One of the primary functions of progesterone signaling in the uterus prior to implantation is to inhibit the early actions of estradiol. For example, estrogen signaling drives uterine epithelial cell proliferation. However, estrogen signaling also promotes the expression of PR in the uterus, which subsequently inhibits epithelial proliferation through paracrine signaling to allow embryo implantation. Likewise, mucin 1 (MUC1), a cell surface glycoprotein that provides a protective barrier to the uterine epithelium, is induced by estradiol in the uterus. However, the preimplantation rise in progesterone levels leads to the downregulation of MUC1, which is necessary for the embryo to adhere, implant, and invade. PR also critically coordinates paracrine signaling across the stroma and epithelium during early pregnancy. Progesterone target genes in the epithelium mediate downstream signaling events in the stroma, which are critical during embryo implantation and for postimplantation maintenance of pregnancy.
The antiproliferative properties of progesterone in the uterus have been targeted for the treatment of endometrial cancer. The standard treatment for endometrial carcinomas is often surgical. However, patient desire to preserve fertility has prompted the use of progestin hormonal therapy as an alternative treatment option with varied success. In uterine fibroids, benign tumors of the uterine smooth muscle, progesterone promotes growth by stimulating proliferation and hypertrophy. For this reason, selective progesterone receptor modulators with antagonistic activity have been evaluated as therapeutic agents for fibroids.
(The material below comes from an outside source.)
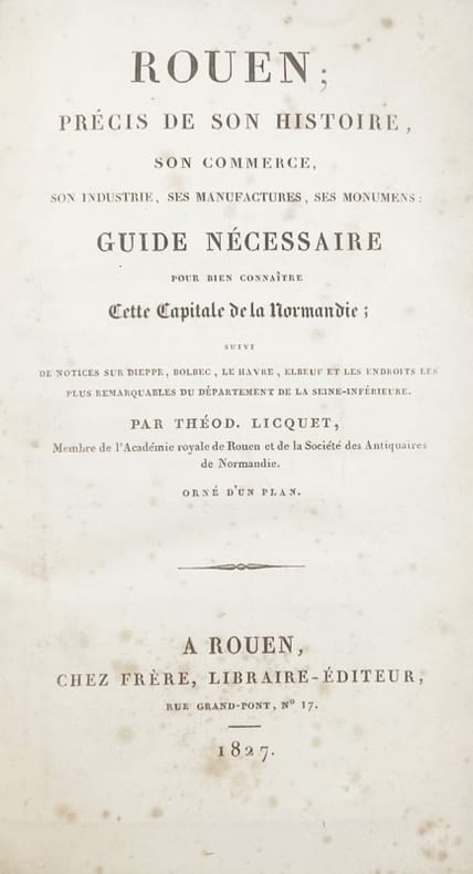 Bien complet de son plan de Rouen en 1826, à double page. Première édition de cet ouvrage qui sera souvent réédité, tirée en 2 formats, in-12 et in-8°, celui-ci dans le plus agréable format in-8°. Isidore (dit François-Théodore) Licquet, né à Caudebec-en-Caux en 1787, est mort à Rouen en 1832. Succédant à Dom Gourdin, il remplit les fonctions de conservateur de la Bibliothèque publique de Rouen. Esprit fin, travailleur infatigable, Licquet s'est livré à des études investigatrices et a publié plusieurs mémoires dans lesquels il redresse certains faits de l'histoire de Normandie acceptés jusqu'alors comme réels. Il avait puisé ses documents à des sources jusqu'alors inexplorées. Bibliographie : Frère, Manuel du bibliographie normand, II, pp. 250-251.
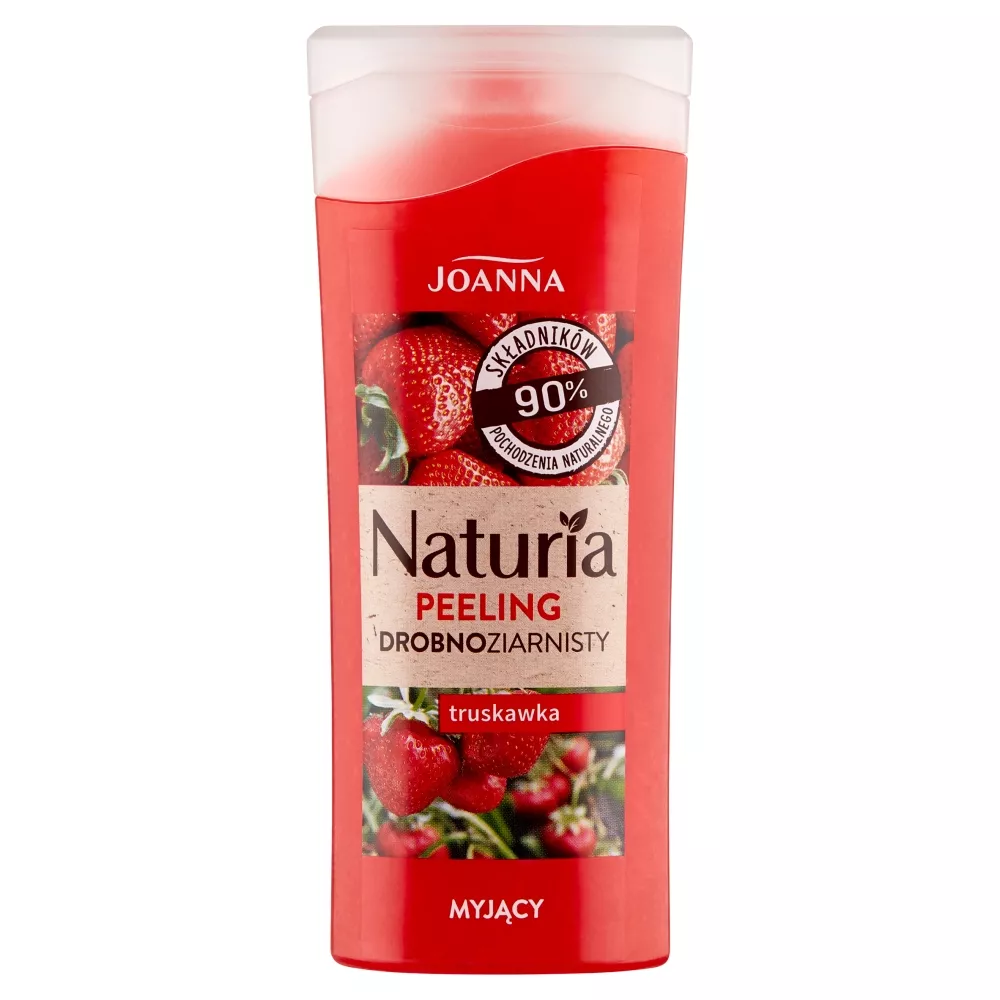 Joanna Naturia Peeling drobnoziarnisty truskawka 100 g to myjący peeling do ciała, który zawiera biodegradowalne drobinki pochodzenia naturalnego, pozyskiwane z tropikalnych orzechów rosnących w Ameryce Południowej. Produkt delikatnie złuszcza martwy naskórek, oczyszcza skórę, poprawia jej koloryt i odświeża ciało. Dzięki nawilżającemu ekstraktowi z truskawki, skóra po zastosowaniu peelingu jest oczyszczona, gładsza i świeżo pachnąca.

In accord with the finding that PR is necessary for development of the mammary ducts, progesterone signaling has also been shown to play a role in the pathogenesis of breast cancer. Progesterone regulates proliferation of the mammary epithelium through autocrine and paracrine pathways. One of the main paracrine factors mediating progesterone-induced proliferation is receptor activator of nuclear factor kappa-B ligand (RANKL). The induction of mitogenic factors by progesterone also contributes to the maintenance and expansion of the mammary gland stem cells. In the Women’s Health Initiative trial, combined estrogen plus progesterone therapy as part of a hormone replacement regimen in postmenopausal women increased the risk of breast cancer. However, studies have also demonstrated that PR activation in certain types of breast cancer improved progression-free survival. The differential actions of progesterone may reflect the distinct cellular context of healthy and malignant tissue or the dose and specificity of the progestogen used.
Androgen Receptor
Androgens, the main male sex steroids, drive the differentiation of the male reproductive tract during development and are crucial for reproductive functions in the adult. During development, the androgen-producing cells of the mammalian gonad arise from precursor cells in the interstitium to become Leydig cells in males and theca cells in females. Androgens produced by the fetal Leydig cells direct the development of the male external genitalia, vas deferens, and related structures from the wolffian ducts. In mouse models of disrupted androgen signaling, the wolffian ducts regress and female external genitalia develop. Likewise, mutations in the human AR, causing androgen insensitivity syndrome, result in a female phenotype in individuals who are genotypically male. Mutations in AR have also been identified that lead to partial androgen insensitivity by disrupting AR-cofactor interactions. Studies with the AR-deficient mouse model also demonstrated a role for androgen signaling in female reproduction. AR-null female mice undergo premature ovarian senescence due to follicle atresia. Subsequent analysis of the AR-null mice revealed defective luteinization of the preovulatory follicles. In agreement with the animal studies, AR gene mutations have been characterized in female patients with premature ovarian failure.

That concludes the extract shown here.